Такой тотальности можно достичь, только уравняв искусство и политику, жизнь и технологию, государство и музей. Характерно, что для Фуко пространство музея было «иным пространством» (heterotopia). Он говорил о музее как о месте, где накапливается время. Для Фуко именно это отличало музей от пространства практической жизни, в котором такого накопления не происходит[3]. Федоров, напротив, стремился объединить пространство жизни и пространство музея, преодолеть их разнородность, которую он считал скорее идеологически мотивированной, нежели онтологически обусловленной. Для такого стирания границы между жизнью и смертью нужно не внедрять искусство в жизнь, но скорее радикально музеифицировать жизнь – жизнь, которая может и должна получить привилегию бессмертия в музее. Благодаря такому слиянию жизненного и музейного пространств биовласть получает бесконечную перспективу: она становится социально организованной технологией вечной жизни, которая более не признает индивидуальной смерти и не останавливается перед смертью как своим «естественным» пределом.
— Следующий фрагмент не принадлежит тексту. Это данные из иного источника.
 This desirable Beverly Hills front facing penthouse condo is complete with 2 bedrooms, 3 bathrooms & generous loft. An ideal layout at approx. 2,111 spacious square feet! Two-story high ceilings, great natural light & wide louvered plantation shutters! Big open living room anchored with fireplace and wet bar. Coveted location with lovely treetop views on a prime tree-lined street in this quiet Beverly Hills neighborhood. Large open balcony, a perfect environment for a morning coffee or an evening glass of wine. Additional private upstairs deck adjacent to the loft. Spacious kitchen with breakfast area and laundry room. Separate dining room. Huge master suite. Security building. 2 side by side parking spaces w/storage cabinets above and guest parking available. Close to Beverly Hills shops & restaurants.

Такая власть, конечно, уже не «демократическая» власть: никто не ожидает от музейных экспонатов, что они будут выбирать себе куратора, который станет заботиться об их сохранности. Как только человек становится радикально современным – то есть как только его начинают понимать как тело среди тел, вещь среди вещей, – ему приходится смиряться с тем, что и государственная технология начинает относиться к нему соответственно. Однако для такого смирения существует обязательное условие: четко заявленной целью новой власти должна быть вечная жизнь на Земле для всех людей. Только в этом случае государство перестает быть частичной, ограниченной биовластью – такой, как она описана у Фуко, – и становится тотальной биовластью.
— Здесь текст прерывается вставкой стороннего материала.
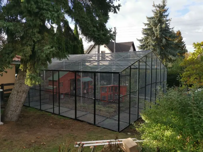 In den meisten Bundesländern sind Volieren bis 3 m Höhe genehmigungsfrei. Bitte informieren Sie sich trotzdem über die Bestimmungen in Ihrem Bundesland

Учение Федорова было, как и многие другие философские дискурсы в России конца XIX века, реакцией на пессимистическую философию Шопенгауэра и ее критику у Ницше. Ницше провозгласил борьбу с нигилизмом главной задачей европейской мысли, и многие философы – от Хайдеггера до Батая и Делёза – последовали за ним. Русская мысль не составила исключения. Достаточно назвать имена Владимира Соловьева, Александра Богданова и Михаила Бахтина. Все эти в остальном столь разные авторы видели в победе над нигилизмом главную цель своей философской программы. Но что есть нигилизм для Ницше? Под нигилизмом Ницше понимал решение сказать «нет» материальному миру, приносящему человеку страдание и смерть, отвернуться от реальности в пользу воображаемого мира, будь то трансцендентный мир религии или утопический мир будущего. Ницшеанский пафос принятия реального мира как трагического, недоступного рациональному познанию присутствует у Батая, Бахтина, Делёза. Дионисийское начало, растворяющее мир в хаосе, есть для Ницше также источник витальной энергии, так как истинная жизнь понимается им как постоянная готовность к смерти. Сказать миру «да» означает также сказать смерти «да».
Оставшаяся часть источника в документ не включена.